About this task: Copy out exactly the stretch below, from the line with "As the peacock" through the line with "11所高校的学生分别就京西古", both included; the pictures stay out.

Data shown:
· · · · ·

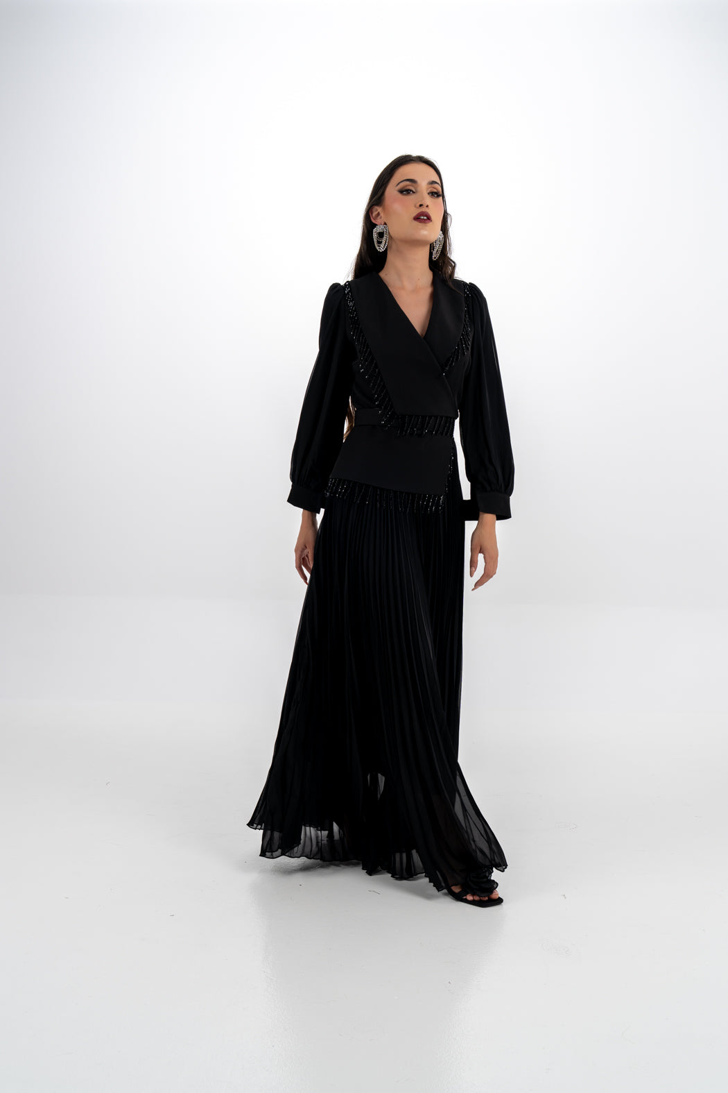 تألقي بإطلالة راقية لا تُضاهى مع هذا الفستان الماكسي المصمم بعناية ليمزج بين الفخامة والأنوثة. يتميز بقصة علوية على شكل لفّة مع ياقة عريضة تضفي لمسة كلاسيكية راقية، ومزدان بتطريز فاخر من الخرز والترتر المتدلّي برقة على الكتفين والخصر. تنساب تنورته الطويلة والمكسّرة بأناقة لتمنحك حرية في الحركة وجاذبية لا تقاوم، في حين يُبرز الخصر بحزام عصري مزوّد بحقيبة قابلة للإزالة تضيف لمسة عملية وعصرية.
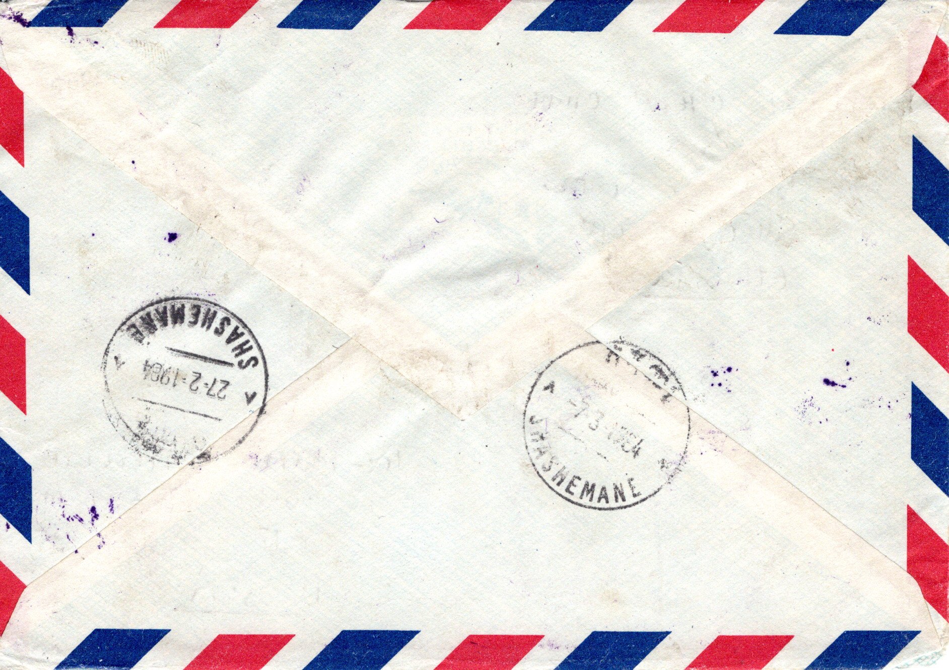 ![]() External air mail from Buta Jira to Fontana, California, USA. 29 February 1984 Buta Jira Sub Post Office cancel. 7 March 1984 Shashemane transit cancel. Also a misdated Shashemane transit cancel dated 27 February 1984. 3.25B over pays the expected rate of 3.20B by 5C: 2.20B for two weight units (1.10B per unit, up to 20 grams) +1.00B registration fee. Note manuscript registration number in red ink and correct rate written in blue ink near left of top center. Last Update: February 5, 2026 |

· · · · ·

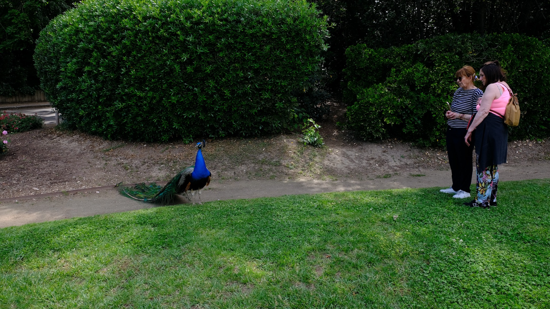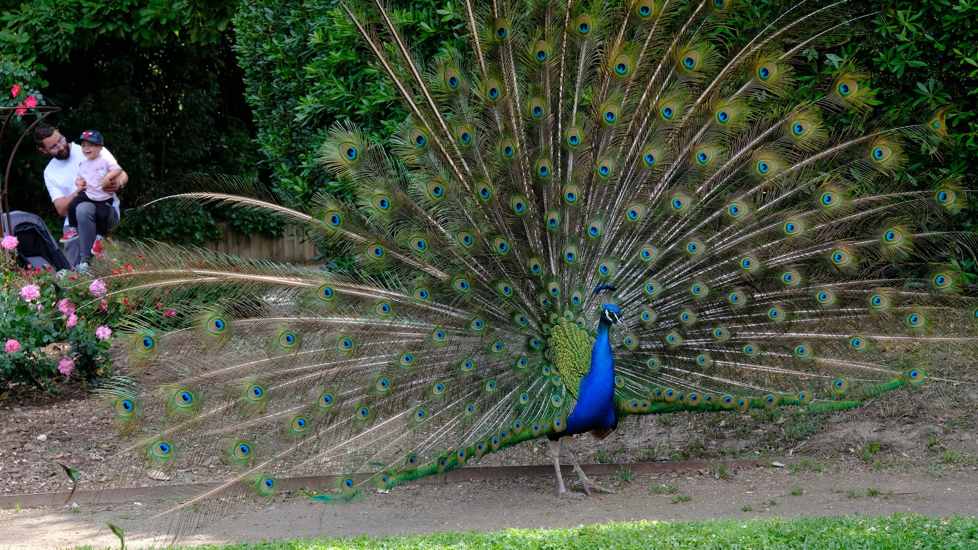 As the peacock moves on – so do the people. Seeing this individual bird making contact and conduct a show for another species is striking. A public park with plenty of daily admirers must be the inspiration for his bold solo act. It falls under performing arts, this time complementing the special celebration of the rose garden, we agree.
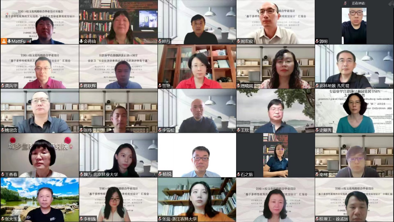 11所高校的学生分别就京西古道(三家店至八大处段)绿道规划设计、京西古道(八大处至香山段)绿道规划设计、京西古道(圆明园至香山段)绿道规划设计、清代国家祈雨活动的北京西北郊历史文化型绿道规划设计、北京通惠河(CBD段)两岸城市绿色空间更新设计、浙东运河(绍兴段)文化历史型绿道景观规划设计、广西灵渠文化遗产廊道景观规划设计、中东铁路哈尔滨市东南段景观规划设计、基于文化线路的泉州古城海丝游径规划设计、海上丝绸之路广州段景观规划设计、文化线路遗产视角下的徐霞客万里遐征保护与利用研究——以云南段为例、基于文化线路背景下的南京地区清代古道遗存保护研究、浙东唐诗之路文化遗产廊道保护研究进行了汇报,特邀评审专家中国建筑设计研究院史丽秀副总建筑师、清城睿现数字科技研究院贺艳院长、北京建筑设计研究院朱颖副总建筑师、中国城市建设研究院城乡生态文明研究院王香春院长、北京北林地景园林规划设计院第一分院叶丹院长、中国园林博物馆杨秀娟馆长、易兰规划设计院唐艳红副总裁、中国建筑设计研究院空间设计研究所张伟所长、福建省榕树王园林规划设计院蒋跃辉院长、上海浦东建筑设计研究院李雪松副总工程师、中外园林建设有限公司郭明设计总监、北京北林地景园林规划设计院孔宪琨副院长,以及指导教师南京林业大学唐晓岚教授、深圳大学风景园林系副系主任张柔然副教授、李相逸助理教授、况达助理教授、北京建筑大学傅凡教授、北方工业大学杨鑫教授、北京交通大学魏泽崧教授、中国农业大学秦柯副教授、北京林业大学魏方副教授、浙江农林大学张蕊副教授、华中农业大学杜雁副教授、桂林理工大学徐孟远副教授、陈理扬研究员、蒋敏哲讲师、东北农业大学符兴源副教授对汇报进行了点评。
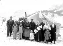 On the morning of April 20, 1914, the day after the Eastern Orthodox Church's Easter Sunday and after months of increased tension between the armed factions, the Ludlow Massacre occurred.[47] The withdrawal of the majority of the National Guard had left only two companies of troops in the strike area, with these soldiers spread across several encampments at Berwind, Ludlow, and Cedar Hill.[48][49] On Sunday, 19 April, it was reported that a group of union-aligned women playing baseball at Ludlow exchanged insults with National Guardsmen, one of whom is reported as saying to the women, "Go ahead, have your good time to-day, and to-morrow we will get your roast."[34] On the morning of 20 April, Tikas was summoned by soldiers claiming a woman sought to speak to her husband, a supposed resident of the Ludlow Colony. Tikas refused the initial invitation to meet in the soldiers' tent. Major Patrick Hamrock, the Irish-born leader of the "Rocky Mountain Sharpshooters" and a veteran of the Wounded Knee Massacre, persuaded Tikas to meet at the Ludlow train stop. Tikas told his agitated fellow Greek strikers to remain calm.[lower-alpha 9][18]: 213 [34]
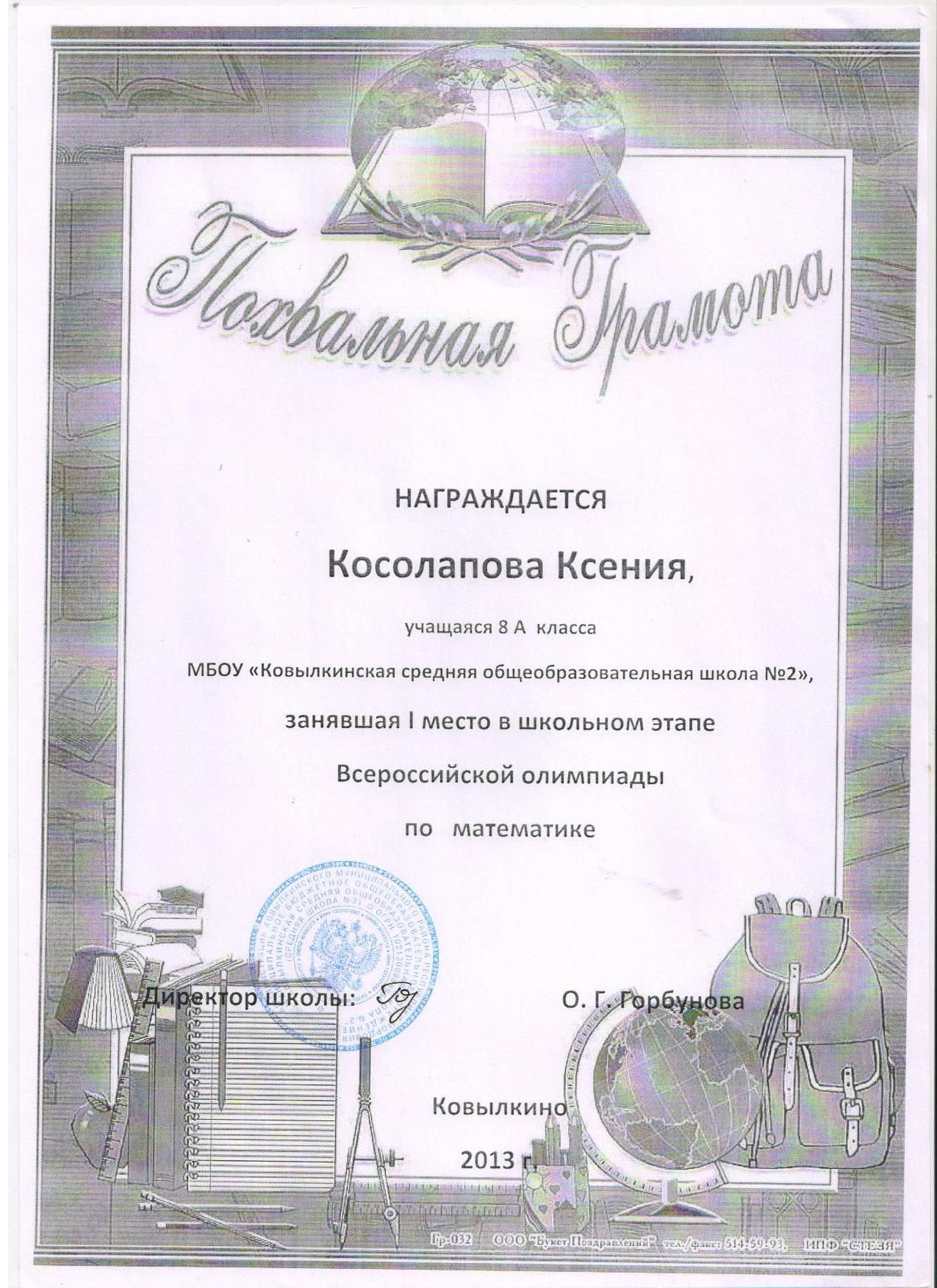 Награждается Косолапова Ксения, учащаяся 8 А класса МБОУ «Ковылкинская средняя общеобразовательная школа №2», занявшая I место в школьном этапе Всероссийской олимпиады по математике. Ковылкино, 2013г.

· · · · ·

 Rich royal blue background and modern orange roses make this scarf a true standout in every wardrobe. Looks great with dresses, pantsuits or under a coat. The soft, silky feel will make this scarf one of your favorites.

· · · · ·

Written reply:
 As the peacock moves on – so do the people. Seeing this individual bird making contact and conduct a show for another species is striking. A public park with plenty of daily admirers must be the inspiration for his bold solo act. It falls under performing arts, this time complementing the special celebration of the rose garden, we agree.
 11所高校的学生分别就京西古道(三家店至八大处段)绿道规划设计、京西古道(八大处至香山段)绿道规划设计、京西古道(圆明园至香山段)绿道规划设计、清代国家祈雨活动的北京西北郊历史文化型绿道规划设计、北京通惠河(CBD段)两岸城市绿色空间更新设计、浙东运河(绍兴段)文化历史型绿道景观规划设计、广西灵渠文化遗产廊道景观规划设计、中东铁路哈尔滨市东南段景观规划设计、基于文化线路的泉州古城海丝游径规划设计、海上丝绸之路广州段景观规划设计、文化线路遗产视角下的徐霞客万里遐征保护与利用研究——以云南段为例、基于文化线路背景下的南京地区清代古道遗存保护研究、浙东唐诗之路文化遗产廊道保护研究进行了汇报,特邀评审专家中国建筑设计研究院史丽秀副总建筑师、清城睿现数字科技研究院贺艳院长、北京建筑设计研究院朱颖副总建筑师、中国城市建设研究院城乡生态文明研究院王香春院长、北京北林地景园林规划设计院第一分院叶丹院长、中国园林博物馆杨秀娟馆长、易兰规划设计院唐艳红副总裁、中国建筑设计研究院空间设计研究所张伟所长、福建省榕树王园林规划设计院蒋跃辉院长、上海浦东建筑设计研究院李雪松副总工程师、中外园林建设有限公司郭明设计总监、北京北林地景园林规划设计院孔宪琨副院长,以及指导教师南京林业大学唐晓岚教授、深圳大学风景园林系副系主任张柔然副教授、李相逸助理教授、况达助理教授、北京建筑大学傅凡教授、北方工业大学杨鑫教授、北京交通大学魏泽崧教授、中国农业大学秦柯副教授、北京林业大学魏方副教授、浙江农林大学张蕊副教授、华中农业大学杜雁副教授、桂林理工大学徐孟远副教授、陈理扬研究员、蒋敏哲讲师、东北农业大学符兴源副教授对汇报进行了点评。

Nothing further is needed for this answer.